On 09/08/2017 12:01 PM, Andrew Lunn wrote:
>>> So i would suggest one driver supporting all the different devices.
>>
>> There will be 5 drivers to support these devices:
>>
>> ksz9477.c - KSZ9893/KSZ9897/KSZ9567/KSZ9566/KSZ9477
>> ksz8795.c - KSZ8795/KSZ8795/KSZ8765
>> ksz8895.c - KSZ8895/KSZ8864
>> ksz8863.c - KSZ8863/KSZ8873
>> ksz8463.c - KSZ8463
>>
>> These chips have different SPI access mechanisms, MIB counter reading,
>> and register set.  These can be combined into one single driver using
>> function pointers, at least for ksz8795/ksz8895/ksz8863/ksz8463.  My
>> only concern is the memory footprint.  The customer may not want a
>> big driver to cover all the switches while only one is used.
> 
> If memory footprint is your problem, make it a compile time choice
> which devices are supported within the one driver. In practice, you
> will find most distributions just enable them all.
>  
>> Out of topic I have a question to ask the community regarding the DSA
>> port creation:
>>
>> Port 1 can be specified using the reg parameter specifying 0; port 2, 1;
>> and so on.  The KSZ8794 is a variant of KSZ8795 with port 4 disabled.
>> So
>> lan1 = 0, lan2 = 1, lan3 = 2, cpu = 4.

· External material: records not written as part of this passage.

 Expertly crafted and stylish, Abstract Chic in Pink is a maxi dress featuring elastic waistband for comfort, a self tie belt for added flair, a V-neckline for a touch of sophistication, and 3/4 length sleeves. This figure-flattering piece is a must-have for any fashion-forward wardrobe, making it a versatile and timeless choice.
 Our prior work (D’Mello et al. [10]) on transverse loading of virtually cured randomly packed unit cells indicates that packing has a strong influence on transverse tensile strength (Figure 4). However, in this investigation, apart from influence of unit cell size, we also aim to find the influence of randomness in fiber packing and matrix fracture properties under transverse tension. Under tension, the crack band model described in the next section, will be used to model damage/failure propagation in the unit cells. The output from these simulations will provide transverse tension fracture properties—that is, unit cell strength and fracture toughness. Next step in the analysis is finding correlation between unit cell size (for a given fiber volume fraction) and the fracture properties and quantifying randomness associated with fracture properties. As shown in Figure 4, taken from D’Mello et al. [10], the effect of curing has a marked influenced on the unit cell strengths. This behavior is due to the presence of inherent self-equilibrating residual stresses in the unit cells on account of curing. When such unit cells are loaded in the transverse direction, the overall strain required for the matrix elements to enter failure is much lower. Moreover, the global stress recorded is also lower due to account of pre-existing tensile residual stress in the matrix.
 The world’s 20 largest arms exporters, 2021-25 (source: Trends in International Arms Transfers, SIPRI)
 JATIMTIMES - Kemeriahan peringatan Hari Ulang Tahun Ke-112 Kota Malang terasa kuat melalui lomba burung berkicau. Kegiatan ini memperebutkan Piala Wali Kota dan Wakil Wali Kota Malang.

>> But our company Marketing does not want to promote that fact but treat
>> KSZ8794 as a distinct product.
>> So
>> lan1 = 0, lan2 = 1, lan3 = 2, cpu = 3.

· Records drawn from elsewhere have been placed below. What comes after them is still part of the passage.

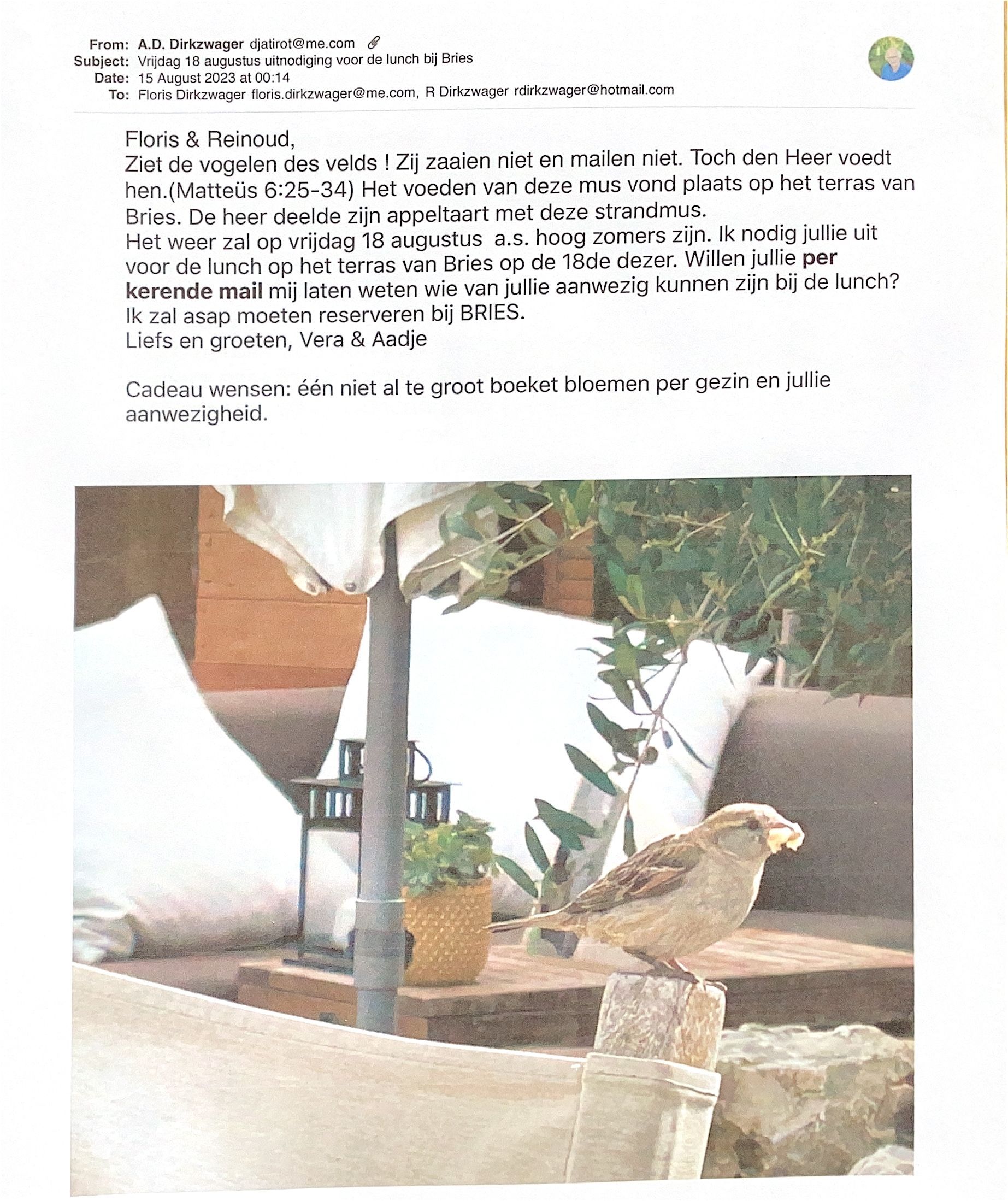 2023-08-15 Uitnodiging voor een lunch in de strandtent Bries t.g.v. Aadje’s bereiken van zijn 83 jarige leefttijd.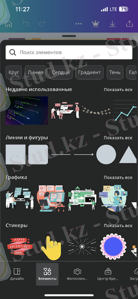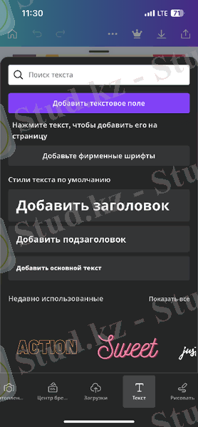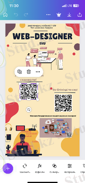 Ал енді цифрлық стендтің жасалу жолына тоқталсам. Цифрлық стендті Canva редакторлық бағдарламасы өте ыңғайлы, әрі жеңіл болғандықтан осы бағдарламада жасадым (2. 3. 4-сурет) .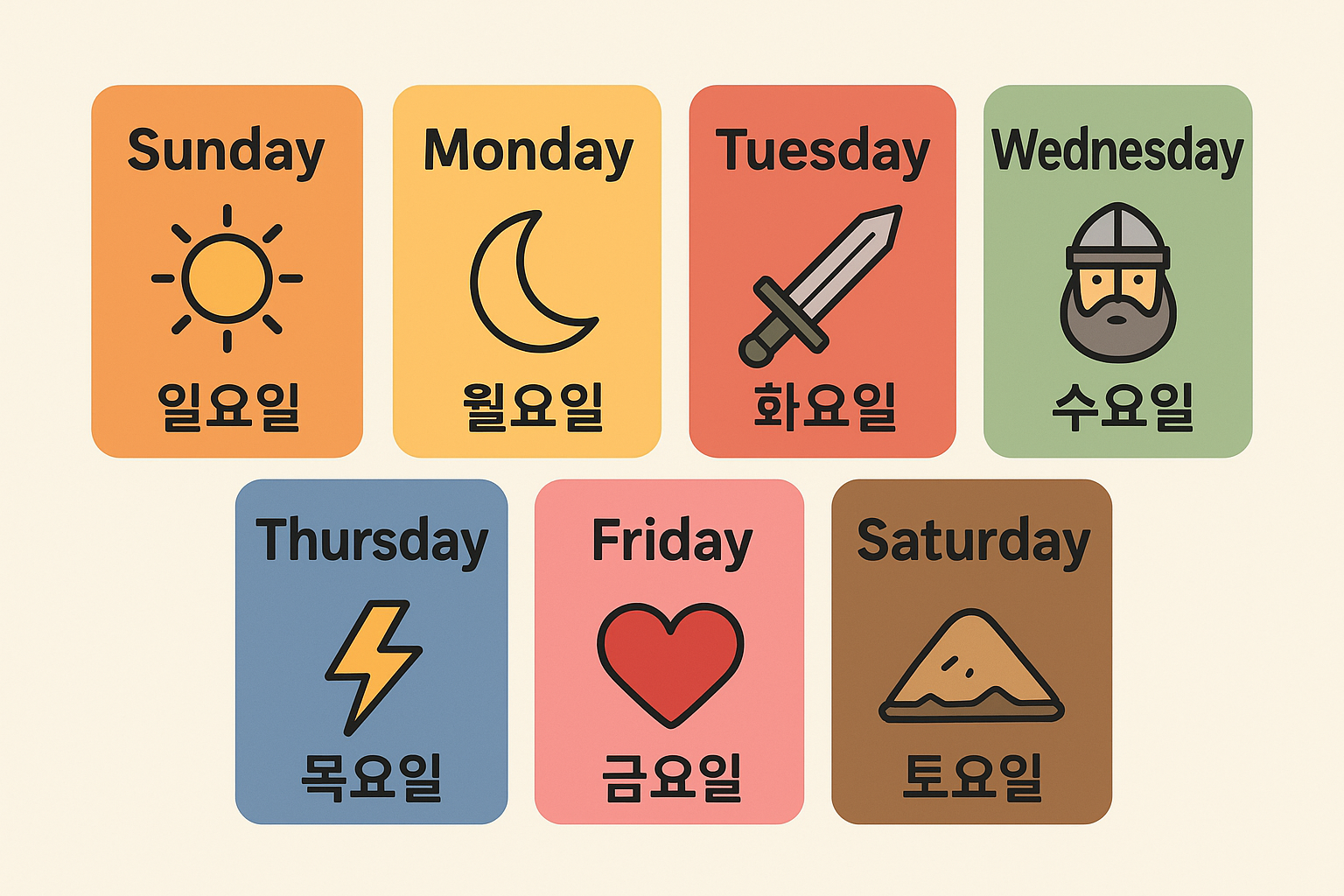 👉 한국어 요일은 기본적으로 천체와 오행에서 비롯된, 보다 철학적이고 음양오행적인 의미를 갖고 있다고 할 수 있습니다.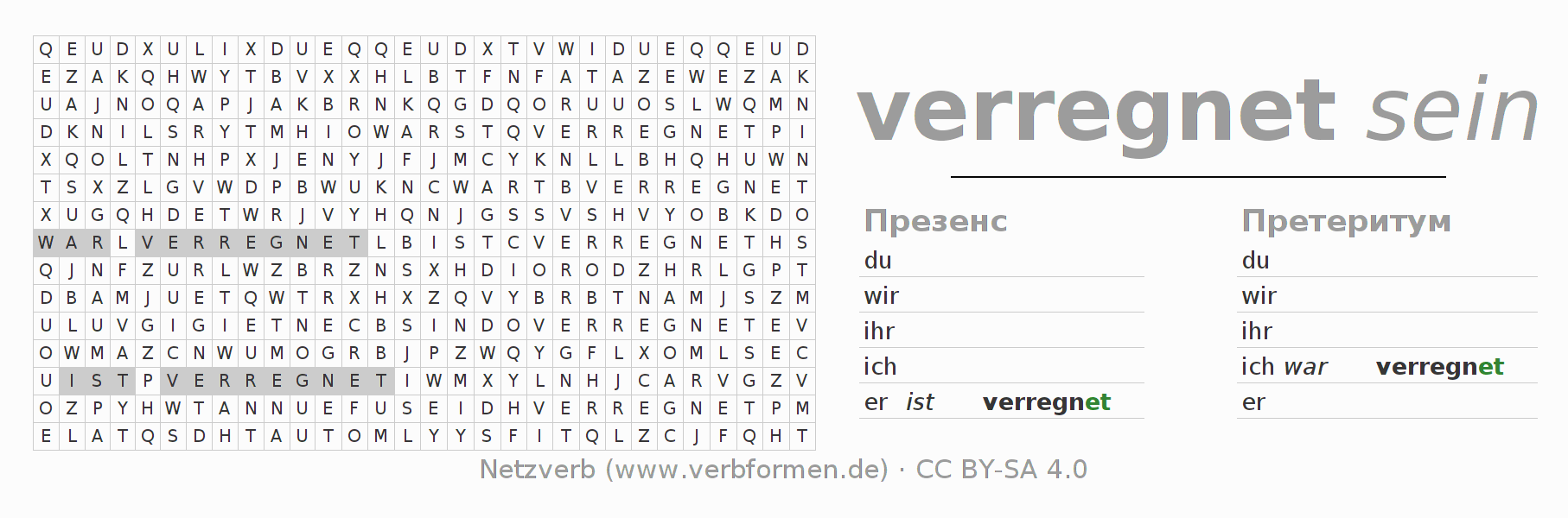 С помощью этих головоломок по поиску слов Вы можете подходящим для Вас способом изучать спряжение немецкого глагола verregnen.

>> Is this okay to hide this information inside the driver?  This is manageable
>> for KSZ8794 but for KSZ8864 the first port is disabled:
>> lan1 = 1, lan2 = 2, lan3 = 3, cpu = 4.
>>
>> I am not sure whether DSA has or will have a way to display the port
>> mapping to regular users.
> 
> So the port number to name is determined in the device tree. It
> depends on the board how the ports are named. I always suggest going
> by the label on the box. clearfog is a good example of this, 0 - lan5,
> 1 - lan4, etc.
> 
> So for the KSZ8864, ensure reg = 0 causes an error.
> 
> Does the hardware force which port is used for the CPU? I've boards
> with Marvell devices where the CPU is port 0, or port 6, or port
> 7. The hardware does not care. So we don't force anything.
> 
> As for KSZ8794 vs KSZ8795, is there different IDs in the silicon?  It
> is these IDs you are using, not the compatible string, to determine
> how the drive the silicon. You can trust the ID in the
> silicon. Anything else can be wrong.

You can't always trust the silicon to report the right revision, just
like marketing people in semiconductors tend to like to play tricks and
pretend that the same chip is the same, but it is not quite, and a new
tape-out was not possible, so it has the same ID, including the
revision. This is of course not what should be done, but it happens all
the time.

Describe in Device Tree with a proper compatible string, which may
end-up being treated the same way by the driver, and if it happens that
the silicon is not wrong, and can be differentiated, then you can always
resort to that to warn the user the wrong compatible was specified, or
that this is not going to work, or anything really.